Gemcitabine Alone Versus Gemcitabine Plus Radiotherapy in Patients With Locally Advanced Pancreatic Cancer: An Eastern Cooperative Oncology Group Trial

Indiana University Melvin and Bren Simon Cancer Center, 980 West Walnut St, Suite C528, Indianapolis, IN 46202, USA.
Journal of Clinical Oncology (Impact Factor: 18.43). 11/2011; 29(31):4105-12. DOI: 10.1200/JCO.2011.34.8904
Source: PubMed


The purpose of this trial was to evaluate the role of radiation therapy with concurrent gemcitabine (GEM) compared with GEM alone in patients with localized unresectable pancreatic cancer.

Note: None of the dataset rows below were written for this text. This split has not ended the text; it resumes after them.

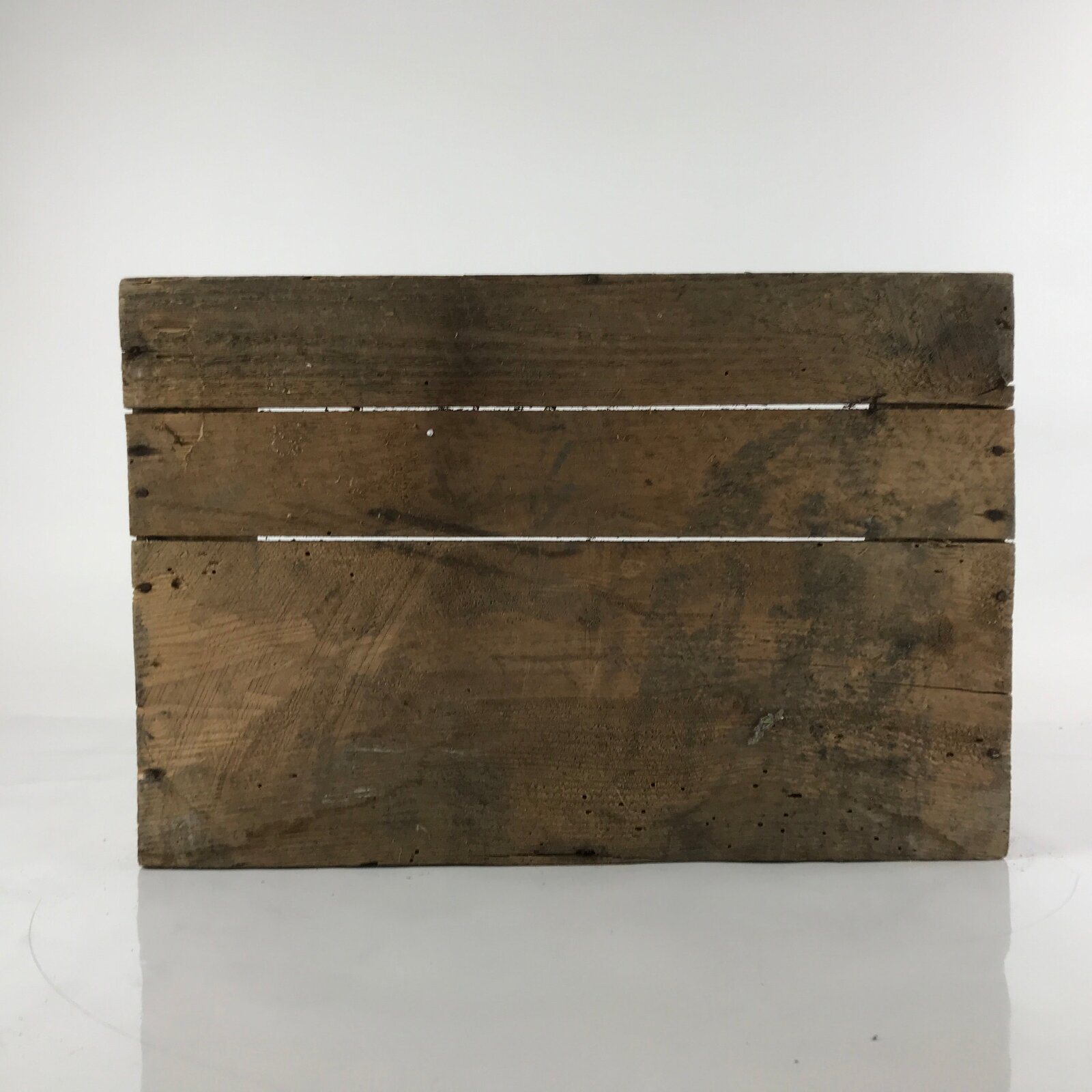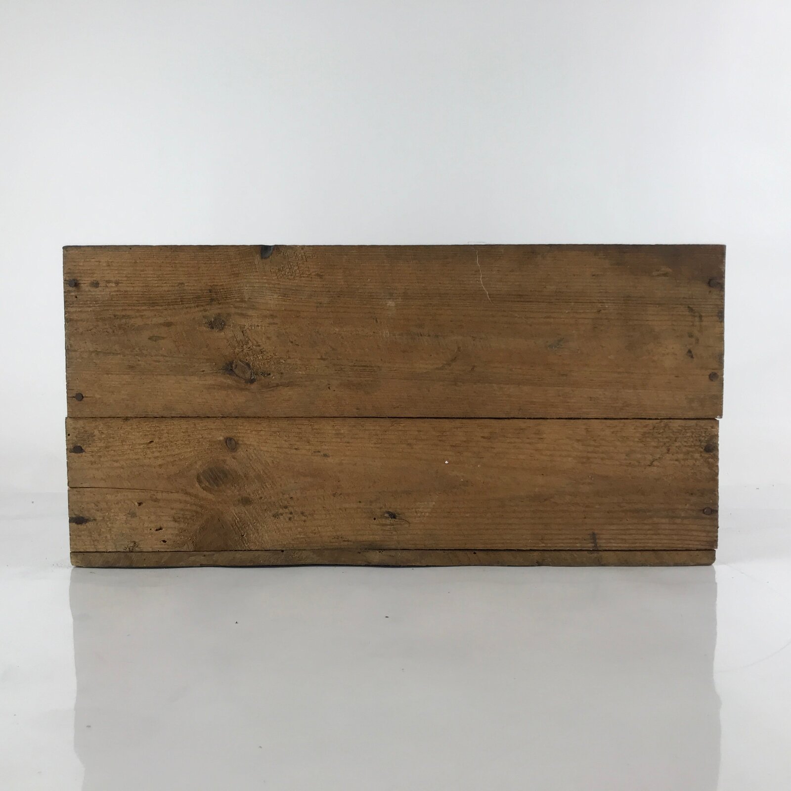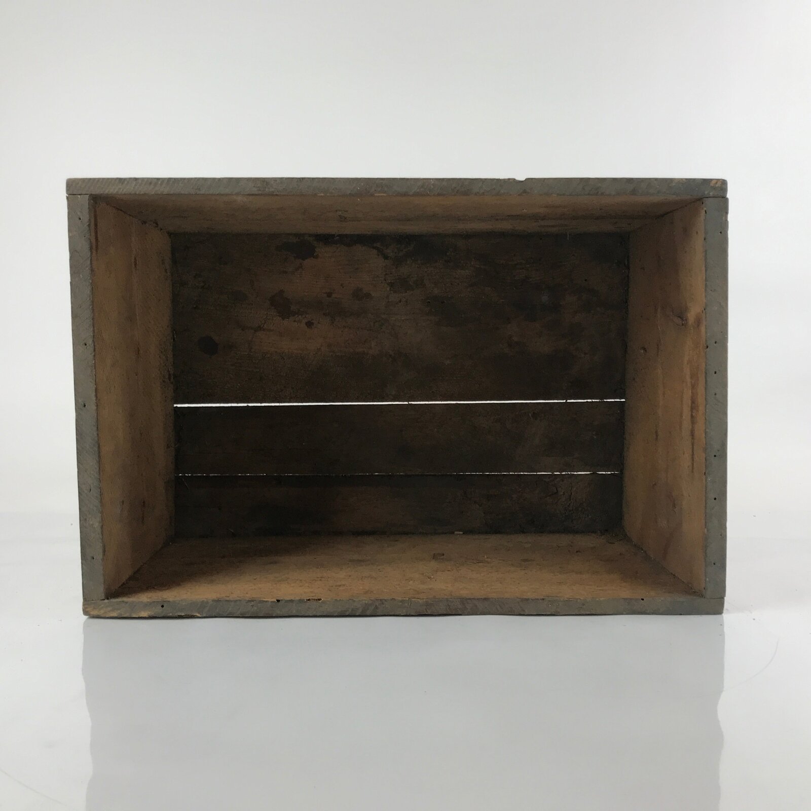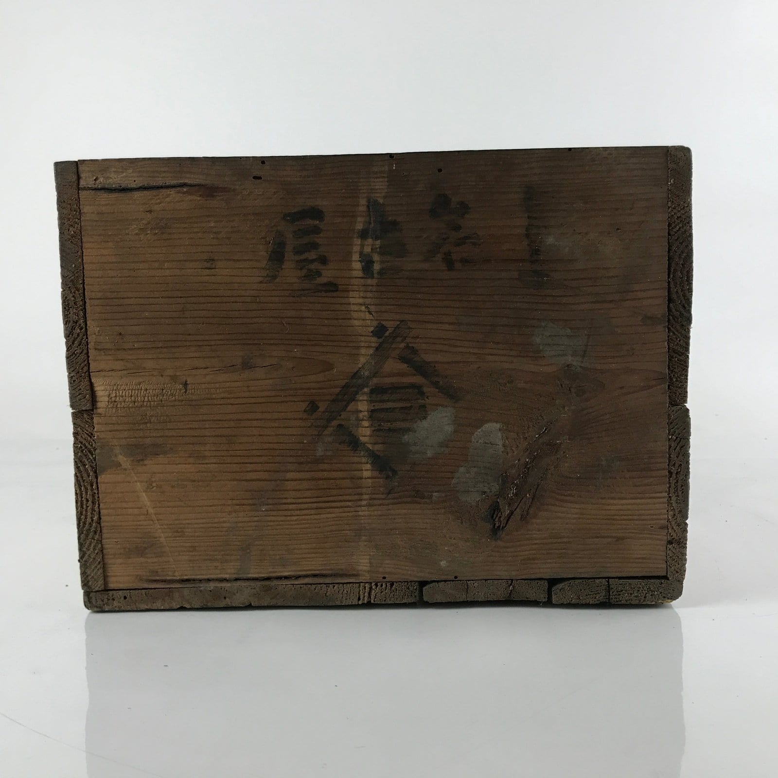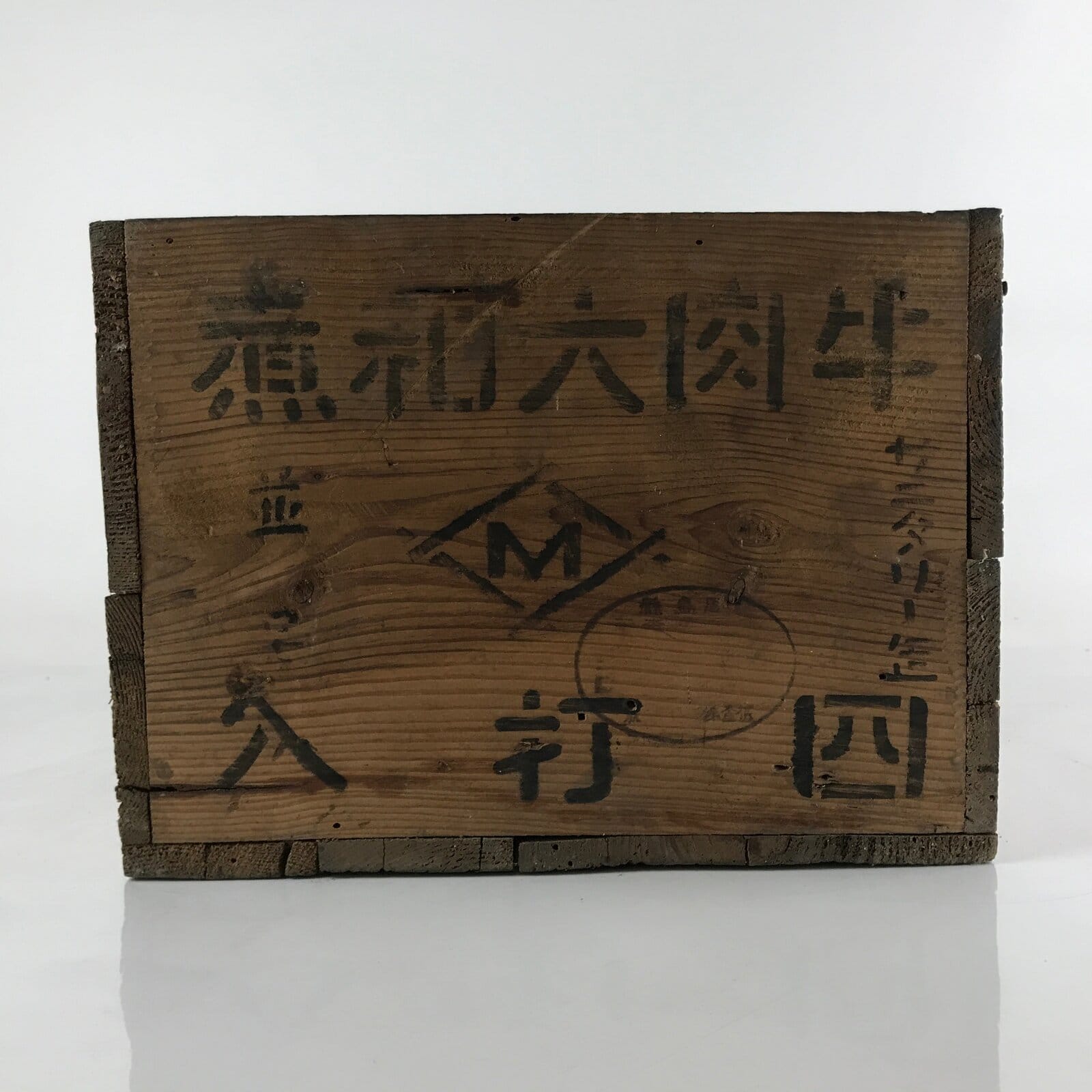 This is a vintage Japanese open wooden crate. It was once used to ship food to stores and restaurants. It may have had a lid at one time, but it is missing. It is a very sturdy box with thick-cut panels of wood.
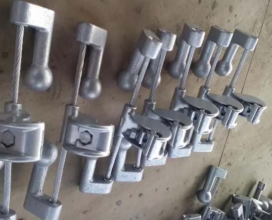 2)、锚固金具,又称紧固金具或耐线线夹。这种金具主要用来紧固导线的终端,使其固定在耐线绝缘子串上,也用于避雷线终端的固定及拉线的锚固。锚固金具承担导线、避雷线的全部张力,有的锚固金具变作为导电体
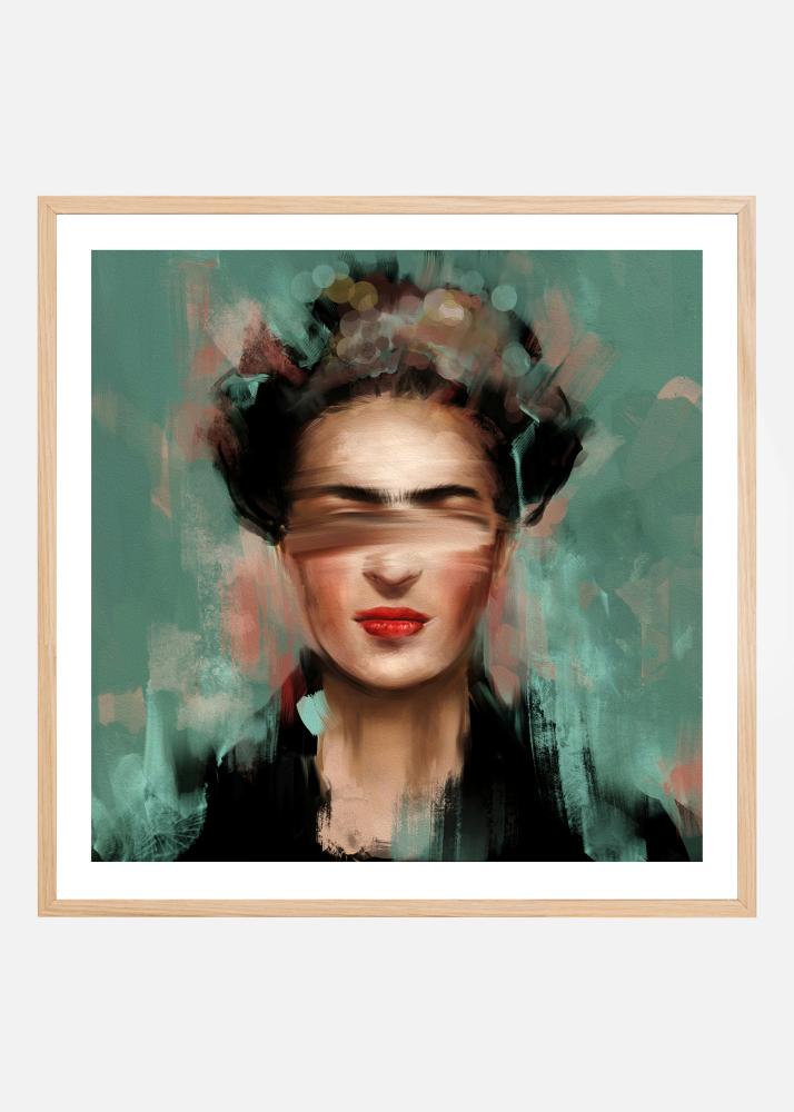 Ett spännande och anonymt porträtt målat med fylliga färger i sköna kontraster. En charmig poster i kvadradiskt format snyggt inramad av en passepartout i vitt, skapad av Gabriella Roberg.

Patients with localized unresectable adenocarcinoma of the pancreas were randomly assigned to receive GEM alone (at 1,000 mg/m(2)/wk for weeks 1 to 6, followed by 1 week rest, then for 3 of 4 weeks) or GEM (600 mg/m(2)/wk for weeks 1 to 5, then 4 weeks later 1,000 mg/m(2) for 3 of 4 weeks) plus radiotherapy (starting on day 1, 1.8 Gy/Fx for total of 50.4 Gy). Measurement of quality of life using the Functional Assessment of Cancer Therapy-Hepatobiliary questionnaire was also performed.
Of 74 patients entered on trial and randomly assigned to receive GEM alone (arm A; n = 37) or GEM plus radiation (arm B; n = 34), patients in arm B had greater incidence of grades 4 and 5 toxicities (41% v 9%), but grades 3 and 4 toxicities combined were similar (77% in A v 79% in B). No statistical differences were seen in quality of life measurements at 6, 15 to 16, and 36 weeks. The primary end point was survival, which was 9.2 months (95% CI, 7.9 to 11.4 months) and 11.1 months (95% CI, 7.6 to 15.5 months) for arms A and B, respectively (one-sided P = .017 by stratified log-rank test).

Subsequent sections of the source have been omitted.